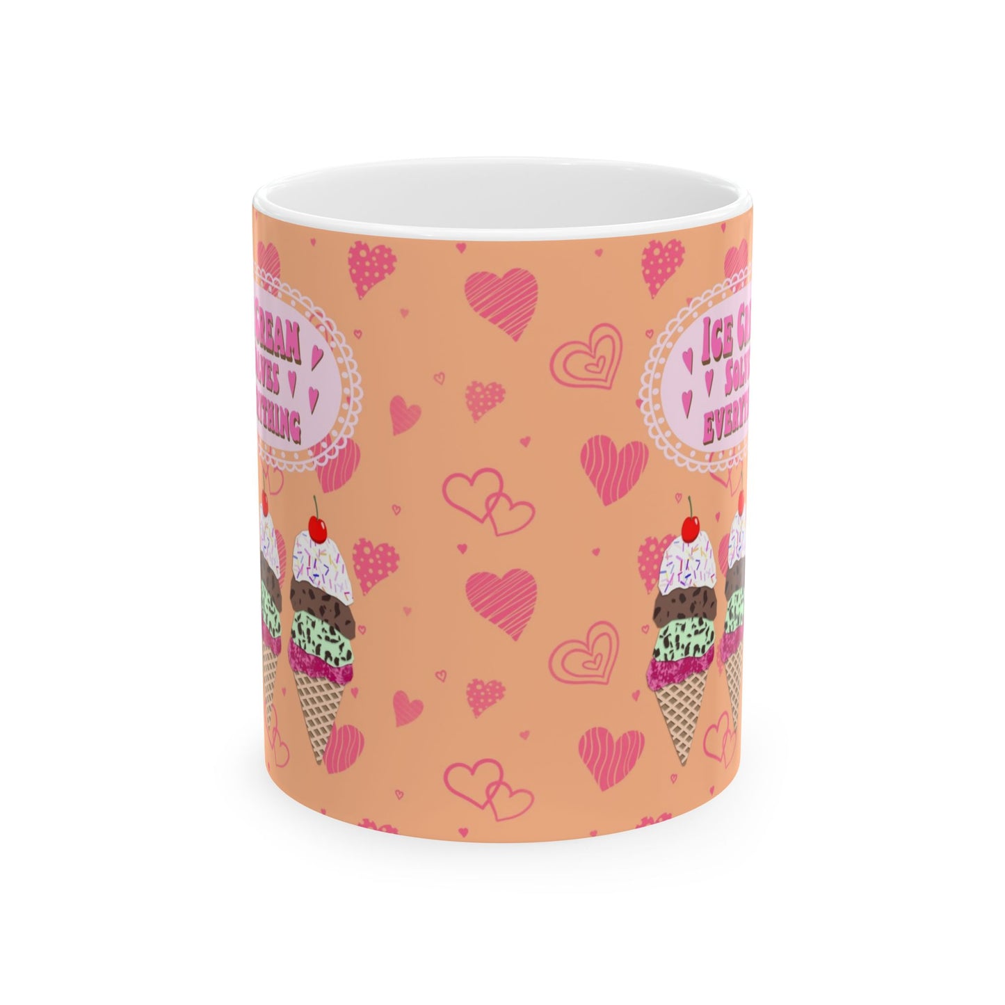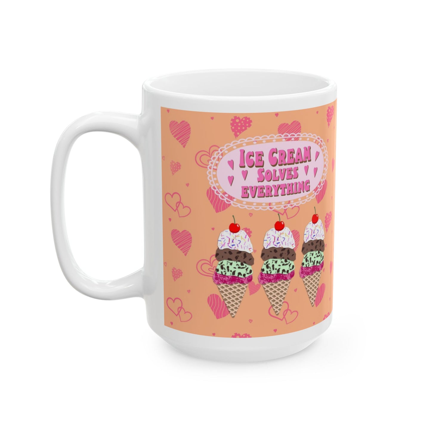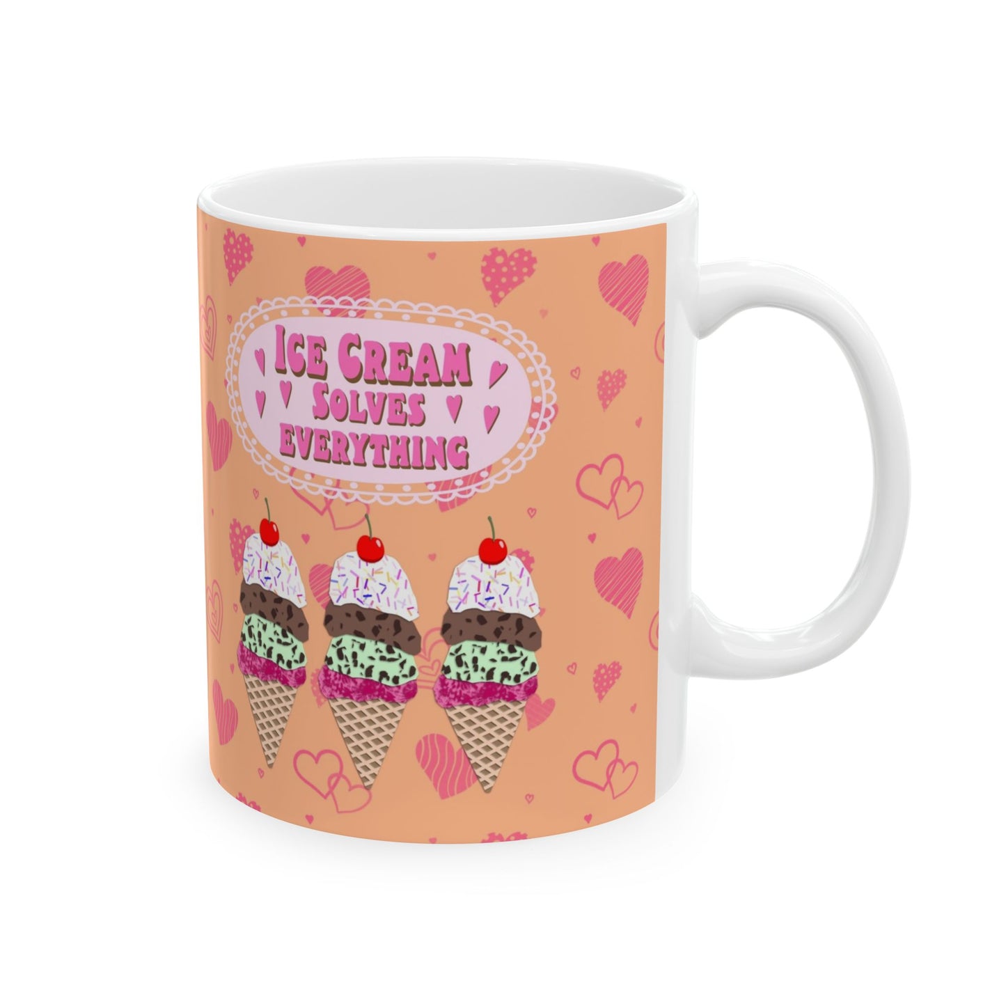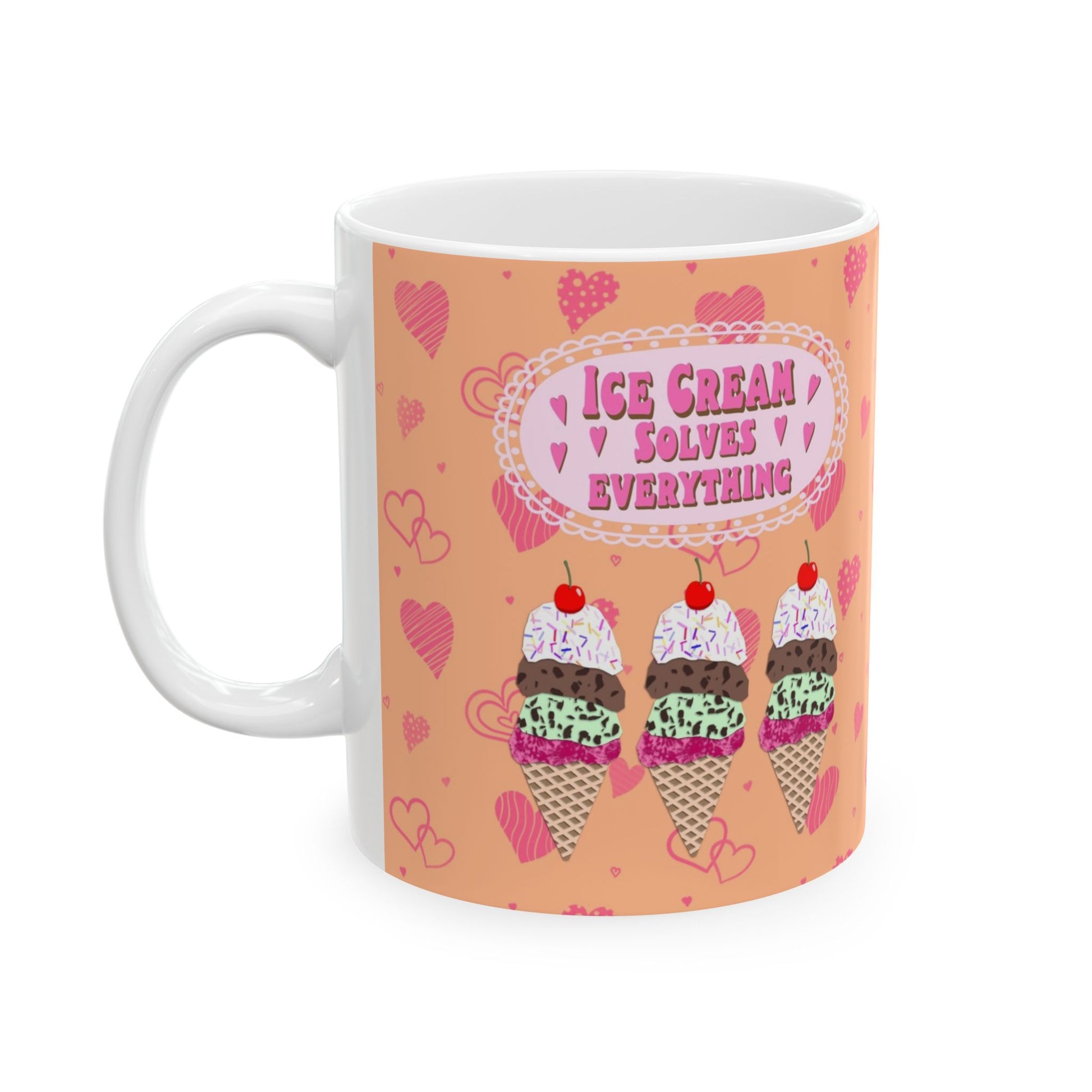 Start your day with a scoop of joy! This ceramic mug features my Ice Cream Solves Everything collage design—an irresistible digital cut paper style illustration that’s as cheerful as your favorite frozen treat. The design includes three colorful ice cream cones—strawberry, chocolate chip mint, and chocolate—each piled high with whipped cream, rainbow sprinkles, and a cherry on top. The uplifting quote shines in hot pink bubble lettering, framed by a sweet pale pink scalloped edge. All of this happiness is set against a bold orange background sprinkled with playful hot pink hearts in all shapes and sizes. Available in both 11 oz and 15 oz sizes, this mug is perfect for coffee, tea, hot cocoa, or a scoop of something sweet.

...

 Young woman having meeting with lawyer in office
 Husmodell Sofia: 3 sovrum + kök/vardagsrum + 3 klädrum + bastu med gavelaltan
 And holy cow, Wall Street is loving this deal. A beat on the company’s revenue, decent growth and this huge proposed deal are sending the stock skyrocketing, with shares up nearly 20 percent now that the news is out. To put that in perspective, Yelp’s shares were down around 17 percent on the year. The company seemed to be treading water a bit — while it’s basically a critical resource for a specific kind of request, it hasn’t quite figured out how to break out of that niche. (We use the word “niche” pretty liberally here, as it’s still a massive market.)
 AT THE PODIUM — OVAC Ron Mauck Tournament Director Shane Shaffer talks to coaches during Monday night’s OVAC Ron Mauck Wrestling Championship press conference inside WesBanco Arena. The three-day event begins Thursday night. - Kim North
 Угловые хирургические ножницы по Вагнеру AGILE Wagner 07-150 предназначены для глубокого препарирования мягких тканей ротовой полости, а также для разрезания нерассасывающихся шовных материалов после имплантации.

INSTRUCTIONS TO FOLLOW = Only one part of the material above is to be transcribed, namely the lines starting with the line that has "Husmodell Sofia: 3" and going on through the line that has "Угловые хирургические ножницы", exactly as they stand.

RESPONSE =
 Husmodell Sofia: 3 sovrum + kök/vardagsrum + 3 klädrum + bastu med gavelaltan
 And holy cow, Wall Street is loving this deal. A beat on the company’s revenue, decent growth and this huge proposed deal are sending the stock skyrocketing, with shares up nearly 20 percent now that the news is out. To put that in perspective, Yelp’s shares were down around 17 percent on the year. The company seemed to be treading water a bit — while it’s basically a critical resource for a specific kind of request, it hasn’t quite figured out how to break out of that niche. (We use the word “niche” pretty liberally here, as it’s still a massive market.)
 AT THE PODIUM — OVAC Ron Mauck Tournament Director Shane Shaffer talks to coaches during Monday night’s OVAC Ron Mauck Wrestling Championship press conference inside WesBanco Arena. The three-day event begins Thursday night. - Kim North
 Угловые хирургические ножницы по Вагнеру AGILE Wagner 07-150 предназначены для глубокого препарирования мягких тканей ротовой полости, а также для разрезания нерассасывающихся шовных материалов после имплантации.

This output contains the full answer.